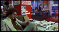 c) płytka głębia ostrości[20], szczególnie wyraźnie dostrzegana w ujęciach z przeostrzeniami z planu pierwszego na drugi (poniższy przykład trzech klatek pochodzi z jednego ujęcia). „Wybieranie ostrością” jest efektem wizualnym obcym normalnemu doświadczeniu wzrokowemu, jednak używane wielokrotnie w kinie uległo skodyfikowaniu jako chwyt typu narracyjnego, zmuszający widza do kierowania uwagi zgodnie z przemieszczającą się ostrością. Akceptacja tego chwytu następuje jednak pod warunkiem umotywowania owych „wybierań ostrością” śledzeniem akcji, a samo kreowanie nastroju przy jego pomocy jest odbierane jako „zbędne (naddane!) uporządkowanie” – po prostu koniec ujęcia po przeostrzeniu jest tak samo nieistotny jak jego początek, akceptujemy tylko rytm, w jakim się ono odbywa (ważna jest także muzyka w tle).
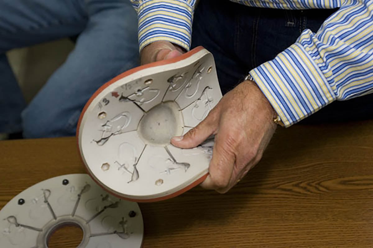 “Then we can decide where we place the cut out in the mold so that there is no additional sprue, the excess lead on a jig from pouring. If we pour it flush, we can use a mechanical slicer so that all the worker has to do is take the jig out of the mold and it’s done. No polishing or cutting sprue. We polish all the molds to begin with so every pour is perfect.”
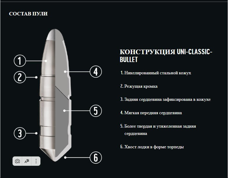 Пуля UNI Classic была разработана специально для охоты на крупную копытную дичь — аналог ID Classic. Более твёрдый и тяжёлый задний сердечник меньше деформируется, что ещё больше увеличивает пробивную способность. Как и ID Classic, передняя часть пули надёжно фрагментируется, что обеспечивает большую поражающую силу при ударе. Хвостовая часть в форме торпеды обеспечивает устойчивость в полёте.
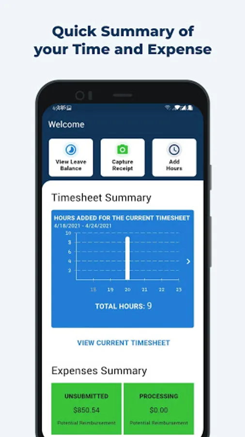Our new mobile app brings modern design and ease of use to daily timekeeping and expense report tracking for your government contracts. You can now easily, quickly, and securely:
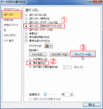「塗りつぶし(図またはテクスチャ)」にチェックを入れます。
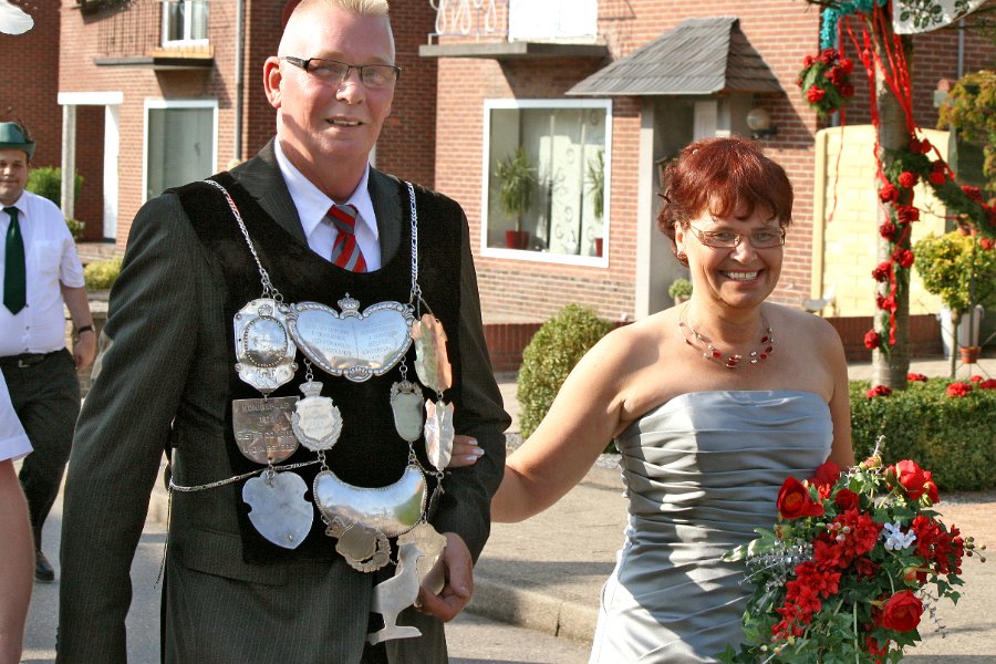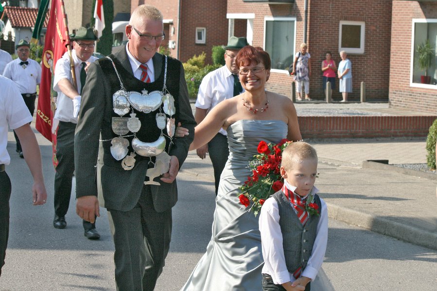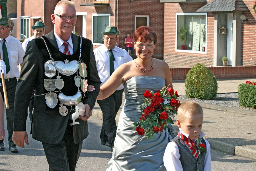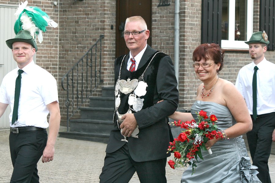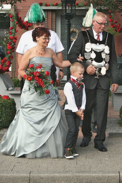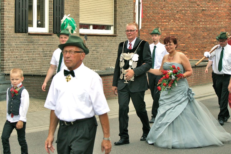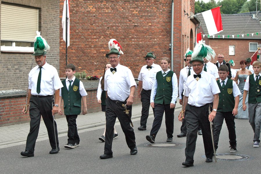 Die St. Hubertus Schützenbruderschaft und die Ortsbewohner feierten drei Tage die Anna-Kirmes. Am Samstag startete bei sommerlichen Temperaturen der Aufzug durch das Neudorf, auch bekannt als die Westerheide. Das Königspaar Math und Nicole Verheijen und ihre Adjutantinnen Myrna Verheijen und Nadia Heiligers stellten sich der Ortsbevölkerung vor. Dabei waren auch in Vertretung des Präses Pfarrer Roland Bohnen Pastor José Kallupilankal, der Dekanatsjugendprinz Nico Dahlmanns und Schülerprinz André Plum. Als Überraschung für den Schützenkönig waren zwei befreundete und in schmucken Uniformen gekleidete Bruderschaften im Aufzug, die St. Jan Schützenbruderschaft aus Nieuwstadt und die Stadtschötterij aus Sittard.
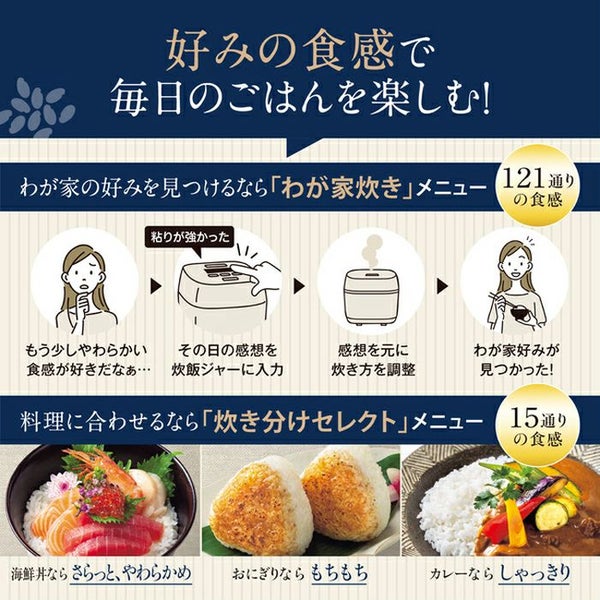 他の画像を見る 送料無料・代引き手数料無料・延長保証申込可 三菱電機 5.5合炊き 炊飯器 IH炊飯ジャー 備長炭コート 熾火 おきび 炭炊釜 NJ-VX10F-B 黒曜 当店特別価格 ¥ 48,980 税込 送料無料・代引き手数料無料・延長保証申込可 カートに入れる お気に入りに登録する
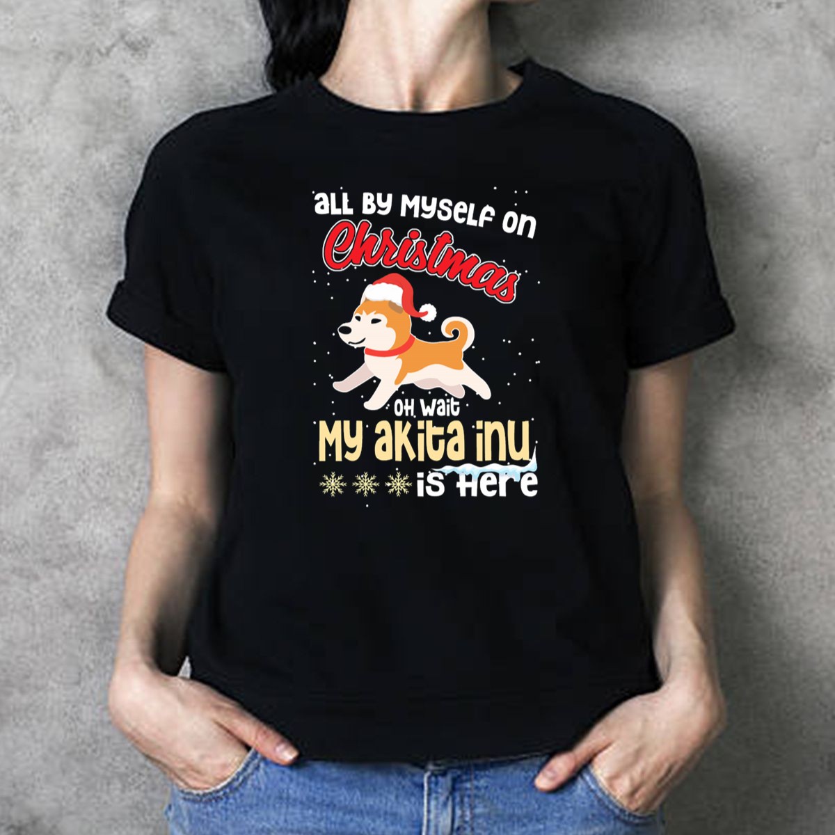 All By Myself On Christmas Oh Wait My Akita Inu Is Here T-Shirt
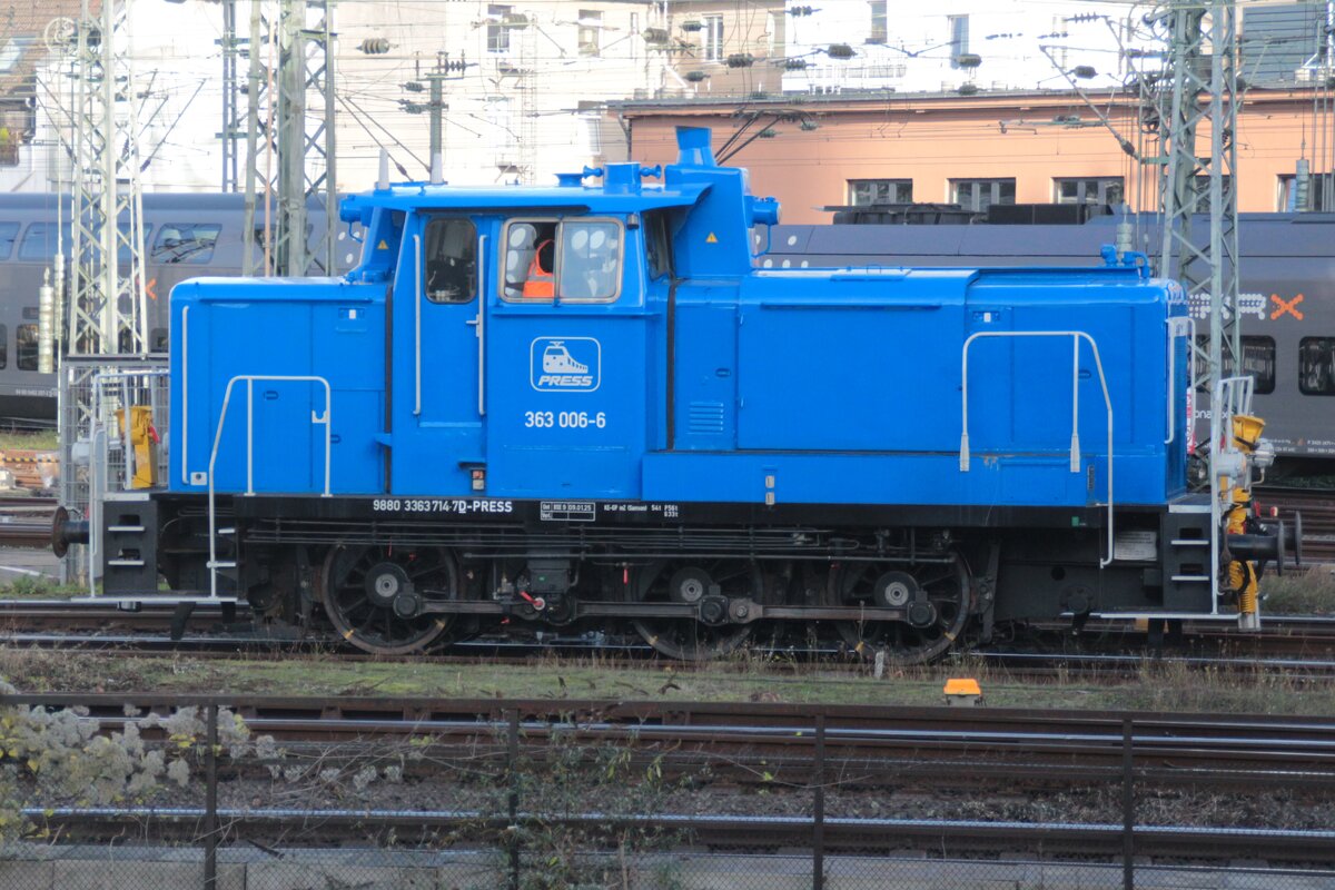 PRESS 363 006-6 (9880 3363 714-7D-PRESS) am 09.12.2025, 12:45 Uhr bei Rangierfahrt in Köln Bbf, etwa auf Höhe S-Bahnstation Hansaring.
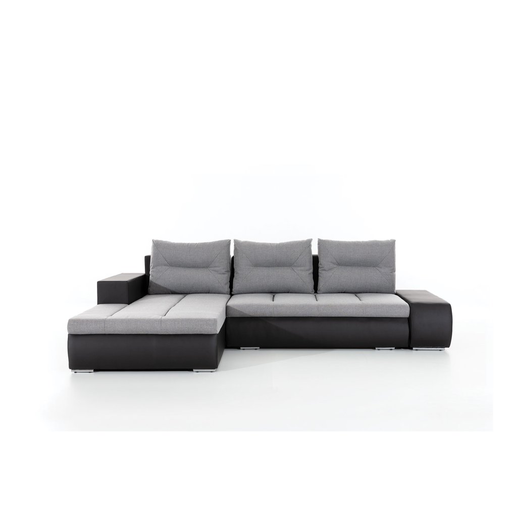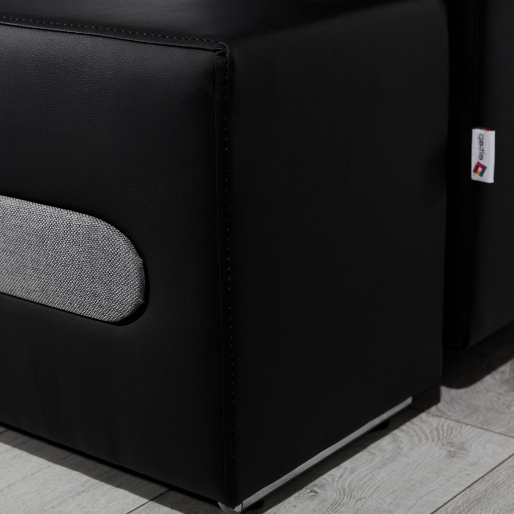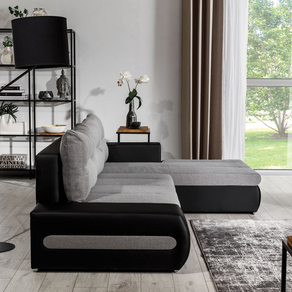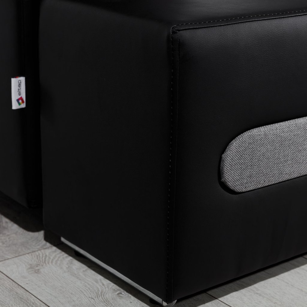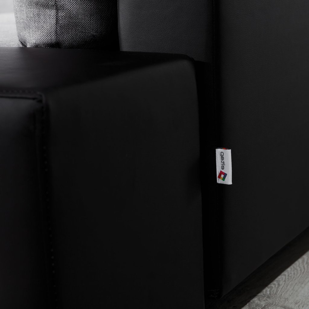 Náš nábytek je navíc vybaven funkcí spaní. Po rozložení se přemění na lůžko o rozměrech 195 x 135 cm. Přispívá k tomu jednoduchý a intuitivní typ rozkladu, který se skládá z výsuvného dna a výklopného opěradla.
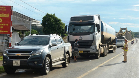 Lực lượng Cảnh sát giao thông Công an tỉnh tham gia kiểm soát phương tiện tại chốt kiểm soát dịch COVID-19 Quốc lộ 14 đoạn qua xã Hòa Phú, TP. Buôn Ma Thuột.

***

> _Action item_
In the material above, which lines fall between the one holding "Our new mobile" and the one holding "All By Myself", inclusive? Print exactly those, with the pictures left out.

> _Completed exercise_
Our new mobile app brings modern design and ease of use to daily timekeeping and expense report tracking for your government contracts. You can now easily, quickly, and securely:
「塗りつぶし(図またはテクスチャ)」にチェックを入れます。
 Die St. Hubertus Schützenbruderschaft und die Ortsbewohner feierten drei Tage die Anna-Kirmes. Am Samstag startete bei sommerlichen Temperaturen der Aufzug durch das Neudorf, auch bekannt als die Westerheide. Das Königspaar Math und Nicole Verheijen und ihre Adjutantinnen Myrna Verheijen und Nadia Heiligers stellten sich der Ortsbevölkerung vor. Dabei waren auch in Vertretung des Präses Pfarrer Roland Bohnen Pastor José Kallupilankal, der Dekanatsjugendprinz Nico Dahlmanns und Schülerprinz André Plum. Als Überraschung für den Schützenkönig waren zwei befreundete und in schmucken Uniformen gekleidete Bruderschaften im Aufzug, die St. Jan Schützenbruderschaft aus Nieuwstadt und die Stadtschötterij aus Sittard.
 他の画像を見る 送料無料・代引き手数料無料・延長保証申込可 三菱電機 5.5合炊き 炊飯器 IH炊飯ジャー 備長炭コート 熾火 おきび 炭炊釜 NJ-VX10F-B 黒曜 当店特別価格 ¥ 48,980 税込 送料無料・代引き手数料無料・延長保証申込可 カートに入れる お気に入りに登録する
 All By Myself On Christmas Oh Wait My Akita Inu Is Here T-Shirt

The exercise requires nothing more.